[Avodah] Evolution, Hashgachah and Tehillah

Lisa Liel lisa at starways.net
Wed Sep 21 08:07:26 PDT 2011


On 9/21/2011 9:02 AM, Micha Berger wrote:
> I got permission to share this Google+ discussion with the chevrah for a
> broader discussion. Please chime in...
>    
Hashem says that if we walk with Him b'keri, He will return keri to us.  
What I understand that to mean is that if we treat the world as though 
it's all happenstance (random), Hashem will withdraw His hashgacha and 
allow the normal course of events to have their way with us.

I've also heard, regarding the express "ein mazal l'Yisrael", that much 
of the world *does* operate randomly (based on the starting values 
defined by Hashem), and that "mazal", or chance, is how the world 
works.  But that we are exempt from that because of Hashem's hashgacha 
pratit.  It's the same issue as keri.

Think of Hashem as a trick pool shooter, kaveyachol.
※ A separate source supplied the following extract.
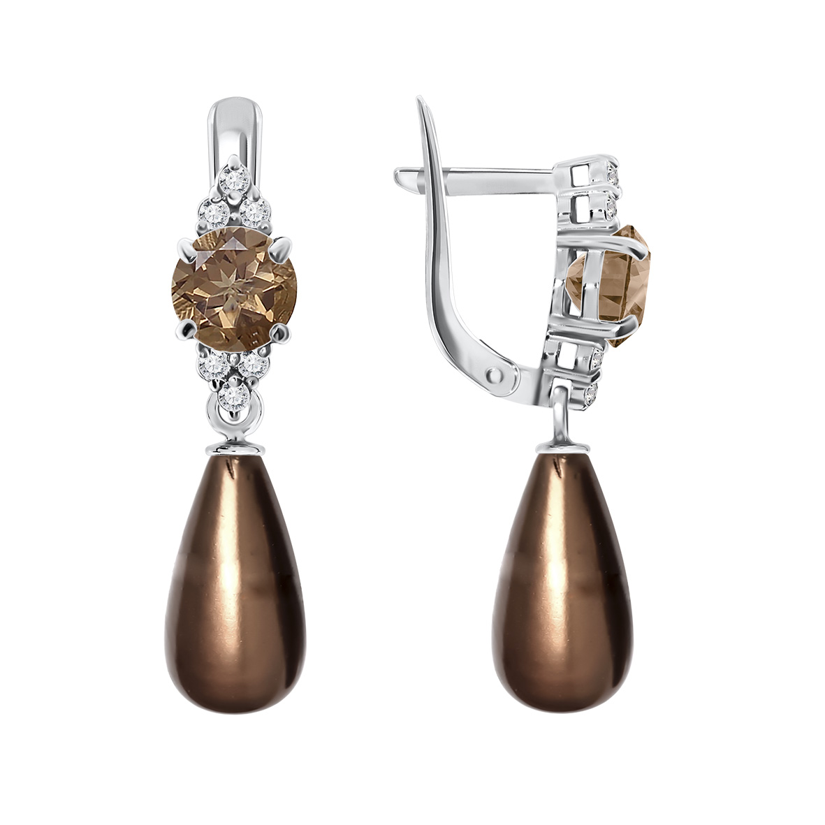 Серьги для женщин из серебра 925 пробы с жемчугом,фианитами артикул 2R604654-26

http://www.youtube.com/watch?v=Tfd0GqjWD-E
http://www.youtube.com/watch?v=n9aHgsblaoQ

These are examples of how a mere human can do something relatively small 
that has amazingly complex and intentional results.  So imagine how much 
of the world Hashem determined from the get-go even without applying 
constant hashgacha to all the world.  I think this is a little like the 
old question of free will vs predestination.  Hashem could have designed 
the set of genes in Adam to contain all of the genetic variations we see 
in humans today.  Particularly when He also designed the rest of the 
world to be able to give those genes little zetzes with radiation every 
now and then.  From our point of view, it's random.  And since we can't 
quantify Hashem, it's proper to treat it as random in the context of the 
sciences of biology and evolution.  But look at those trick pool shots.  
Some of them look like someone just hit a ball a billion times and only 
kept the film of the times when balls went into the pockets as a 
result.  In other words, it can almost be seen as random as well.  
Except that we can see the pool shooter and what he does, and we can see 
how He set the shot up and got it started.  So we don't conclude that 
it's random.  The nimshal in our case is that while we can't see Hashem 
and what He does and how He set everything up, we as Jews know that He did.
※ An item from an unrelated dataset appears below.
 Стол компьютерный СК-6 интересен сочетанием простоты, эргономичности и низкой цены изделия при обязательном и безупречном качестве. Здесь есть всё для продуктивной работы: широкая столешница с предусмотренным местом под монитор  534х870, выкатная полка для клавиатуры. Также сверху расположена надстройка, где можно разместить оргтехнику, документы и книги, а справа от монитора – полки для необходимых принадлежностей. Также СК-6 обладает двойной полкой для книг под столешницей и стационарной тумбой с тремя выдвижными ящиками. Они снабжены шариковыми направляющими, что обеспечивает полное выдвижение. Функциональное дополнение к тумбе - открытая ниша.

One final note about evolution.  Even if it can be determined that some 
species evolved from other species, there is no scientific basis for the 
idea that *all* species evolved from other species.  That's a fallacy.  
Extrapolating evolution back to a single point origin is equally 
fallacious.  If you eliminate Hashem as a possibility, it may seem to be 
the only reasonable conclusion, but since you can no more disprove 
Hashem's existence than you can prove it, universal evolution and single 
point origin evolution are not actually science, but mere conjecture.